Thanks a lot for log snippets! This should be fixed by Atomic file upload and directory sync by MichaelEischer · Pull Request #142 · restic/rest-server · GitHub . Could you give that PR a try? (Feel free to ask if you need help with building the rest-server).

What we see here is the following: restic starts the first upload try at 03:55:53 (the last line) and notices the broken connection after approx. 25 seconds. Now restic deletes the failed upload (03:56:18) and reports wsasend: An existing connection was forcibly closed by the remote host.. That is immediately followed by the upload retry at 03:56:19. Notice that I’ve written “restic […] notices the broken connection”, I haven’t mentioned the rest-server! And that leads to what’s going wrong: The rest-server notices the broken connection only after a longer delay. So from the perspective of the rest-server things happened as follows: the first upload is started, and the nothing happens for some time. In parallel the rest-server receives a delete request and the second upload retry. Both operations are logged as soon as they were finished. And only now does the rest-server learn that connection of the first upload try is broken. Unfortunately it tries to clean up the remainders of the failed upload, but in that process it actually deletes the file uploaded by the successful second try. Then the failed upload is logged, which causes the out-of-order log entry. And now we’re missing a file :frowning: .

1 Like

@dasbackup As discussed in Data blobs seem to be missing, aborting prune to prevent further data loss! · Issue #3239 · restic/restic · GitHub and as demonstrated by your initial post, --append-only prevents the missing pack files problem and can only cause backup runs to fail.

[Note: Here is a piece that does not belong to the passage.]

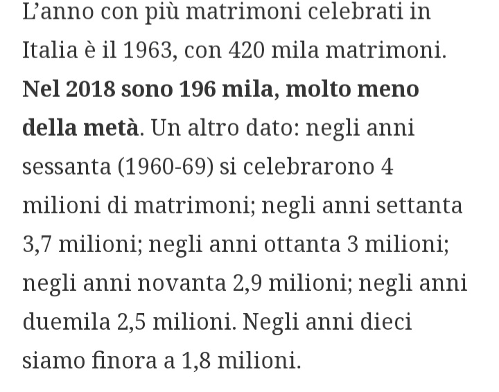 Ti dirò di più , spesso è la ragazza ad OBBLIGARE il fidanzato a fare gesti plateali, per far rosicare le amiche. Un mio amico che si è sposato ha dovuto fare una serenata in mezzo ad un paesello del cazzo. Curioso, in quale parte della penisola. Io ho avuto decine di amici che si sono sposati ma sta sceneggiata mai vista. Se una gia' inizia ad obbligarti - uso tue parole - ad umiliarti in pubblico, la vedo male, molto male, per il tuo amico. Amici del profondo sud. Attenzione non ho detto obbligato in questo caso (parlavo di obbligare in generale). Però la richiesta è partita dalla sposa, quindi non una cosa spontanea. Poi a lui essendo neurotipico sarà pesato il giusto ma non da preoccuparsi più di tanto. |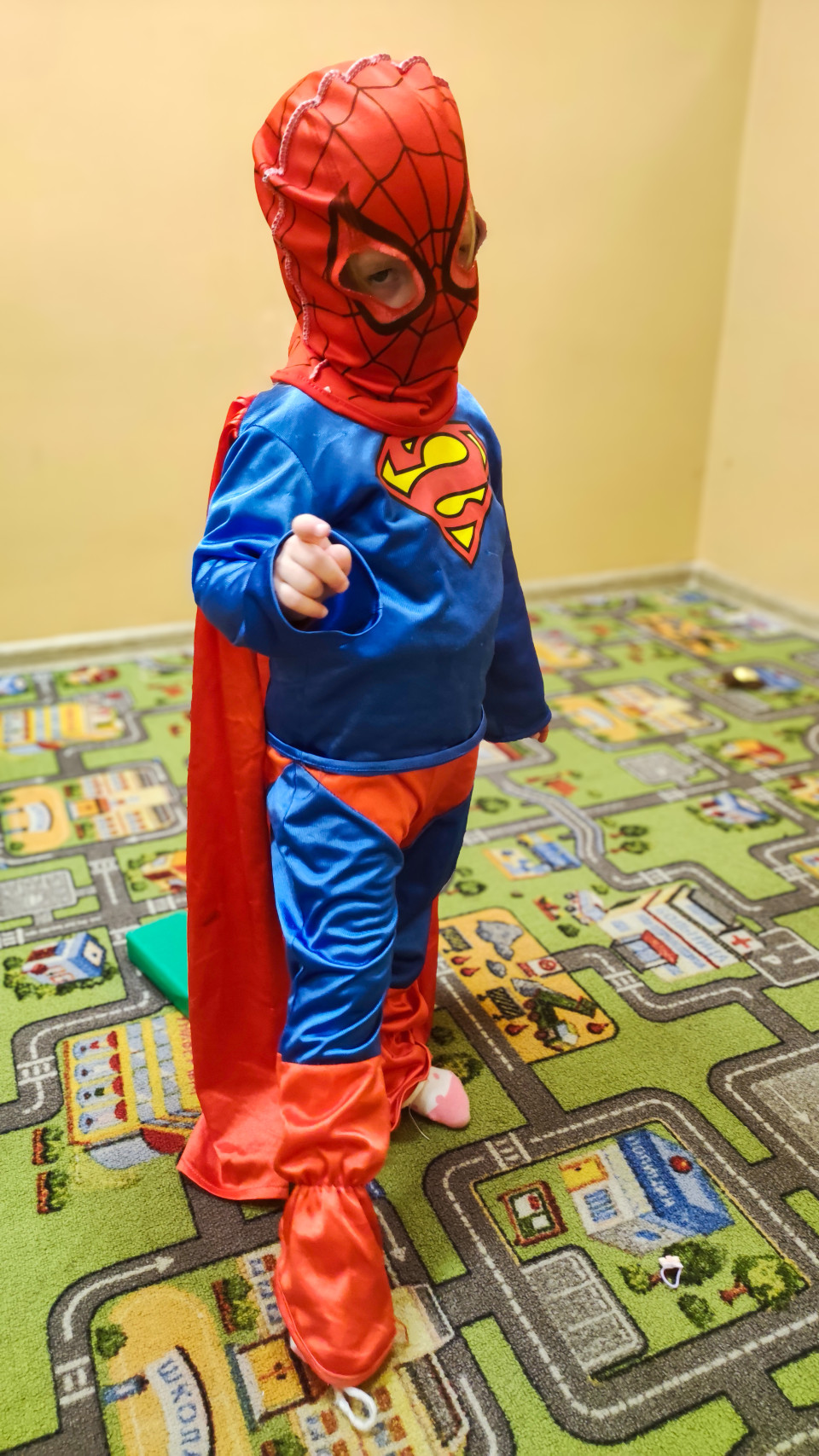На фотографии изображен ребенок в ярком костюме, сочетающем элементы Супермена и Человека-паука: синее трико с красной накидкой и маской. Съемка проведена в помещении с ковром, изображающим город с дорогами и зданиями. Желтая стена на фоне создает теплый контраст. Сцена отражает детскую игру и фантазию, объединяющую популярных супергероев. Подходит для иллюстраций о детстве, косплее и праздниках.

As a workaround for now you could do the following: Complete the initial backup without --append-only, then run rebuild-index (using the current master branch / a beta build that should only take a few minutes: restic beta releases (/) ). Afterwards enable --append-only and start another backup run, restic should be able to reuse information from the previous run, but will still recover missing blobs. Then to complete delete the initial snapshot: either look up the snapshot name and manually delete the file on the server, or temporarily disable --append-only to delete the snapshots using forget.

That still leaves the question what causes the network connection between restic and the rest-server to break after a few hours. As the backup runs over night, could that be caused by e.g. the internet connection reconnecting at night?

Dear MichaelEischer,
I really appreciate your help. I indeed would need help to build your PR. I’m running Ubuntu 20.04.1 LTS on a Raspi 4, 4GB. If you could help me with the build commands to compile rest-server, i am happy to do so.

That still leaves the question what causes the network connection between restic and the rest-server to break after a few hours. As the backup runs over night, could that be caused by e.g. the internet connection reconnecting at night?

I can rule that out. It runs on a local network, wired connection. I suspect that the rPi4 might be not the right machine to carry out that task. But it’s the only thing available to me.

Build steps:

  • Get the go compiler from Downloads - The Go Programming Language or use sudo apt install golang-1.14 to install it using the package manager. Add it to the path: export PATH="$PATH:/usr/lib/go-1.14/bin"
  • Clone the PR: git clone -b atomic-upload https://github.com/MichaelEischer/rest-server.git (once the PR is merged you can get it using git clone https://github.com/restic/rest-server.git.
  • Build it using cd rest-server && go build ./cmd/rest-server. Then you should have a new rest-server binary in the current directory.

A rPI4 should be far more than capable enough to handle the rest-server. Do the interrupted network connections happen at totally different times or is it always roughly the same time?